= Michael Angelo Pergolesi =

Italian artist

Michael Angelo Pergolesi (Michelangelo Pergolesi /it/) was an Italian decorative artist from the 18th century who worked mainly in England.

==Biography==
Biographical details are almost entirely lacking, but like Cipriani he was brought, or attracted, to England by Robert Adam after his famous continental tour. He worked so extensively for the Adams', and his designs are so closely typical of much upon which their reputation rests, that it is impossible to doubt his influence upon their style. His range, like theirs, was catholic. He designed furniture, mantelpieces, ceilings, chandeliers, doors and mural ornament with equal felicity, and as an artist in plaster work in low relief he was unapproached in his day.

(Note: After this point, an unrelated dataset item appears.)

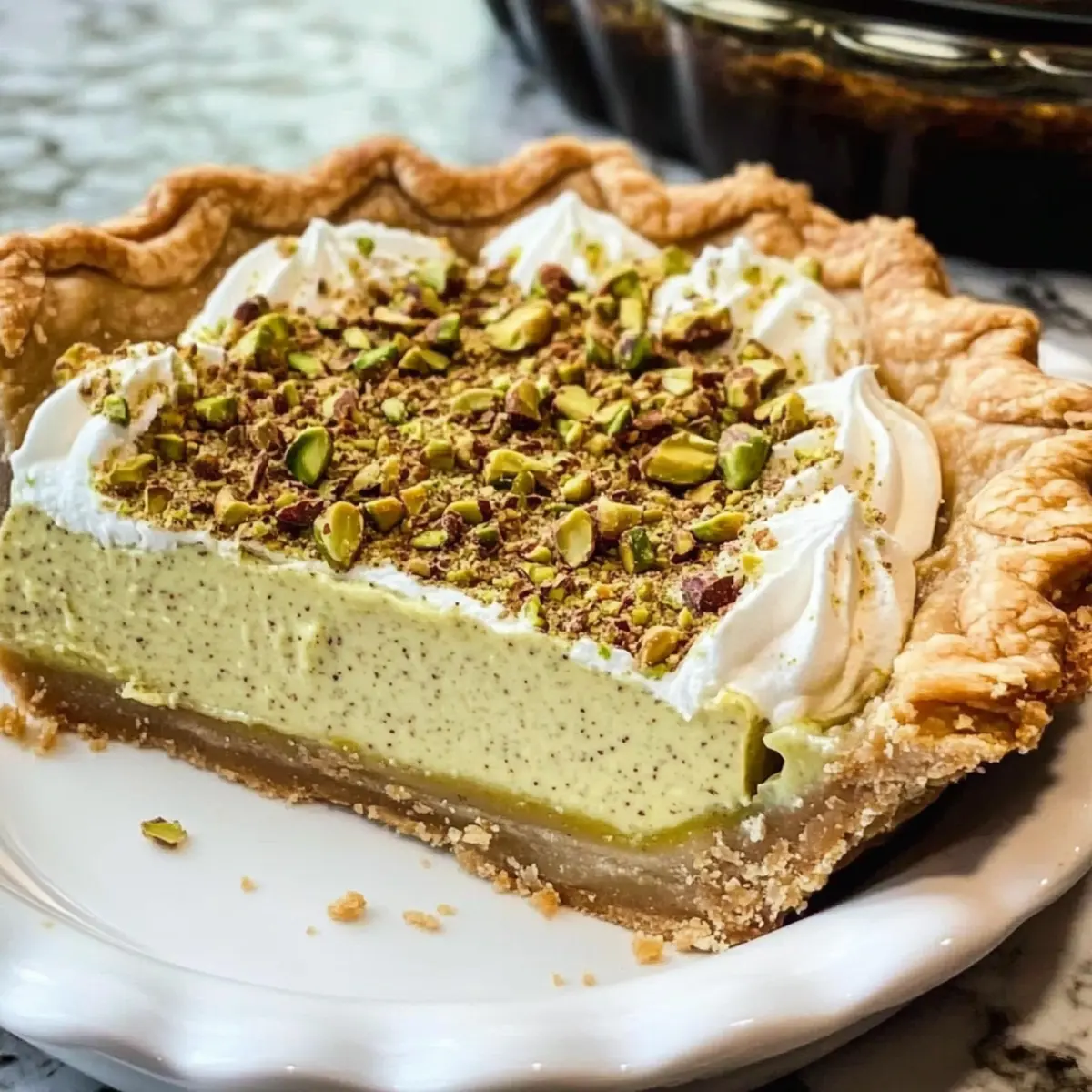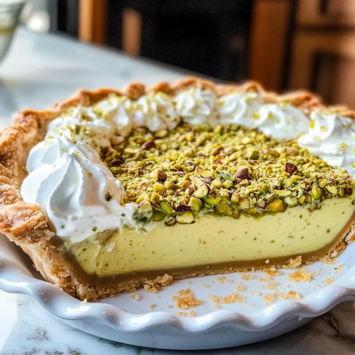 Aufwärmen: Serviere den Kuchen kalt für den besten Geschmack; die kühle Temperatur hebt die Aromen des Pistazienpuddingkuchens hervor.

He delighted in urns and sphinxes and interlaced gryphons, in amorini with bows and torches, in trophies of musical instruments and martial weapons, and in flowering arabesques which were always graceful if sometimes rather thin. The centre panels of his walls and ceilings were often occupied by classical and pastoral subjects painted by Cipriani, Angelica Kauffman or her husband Antonio Zucchi, and sometimes by himself. These nymphs and amorini, with their disengaged and riant air and classic grace, were not infrequently used as copies for painting upon that satinwood furniture of the last quarter of the 18th century which has never been surpassed for dainty elegance, and for the popularity of which Pergolesi was in large measure responsible; they were even reproduced in marquetry.

Some of this painted work was, apparently, executed by his own hand; most of the pieces attributed to him are remarkable examples of artistic taste and technical skill. His satinwood table-tops, china cabinets and side-tables are the last word in a daintiness which here and there perhaps is mere prettiness.

Pergolesi likewise designed silver plate, and many of his patterns are almost instinctively attributed to the brothers Adam by the makers and purchasers of modern reproductions. There is, moreover, reason to believe that he aided the Adam firm in purely architectural work. In later life Pergolesi appears, like Angelica Kauffman, to have returned to Italy.

Pergolesi wrote Designs for Various Ornaments on Seventy Plates, published between 1777 and 1801.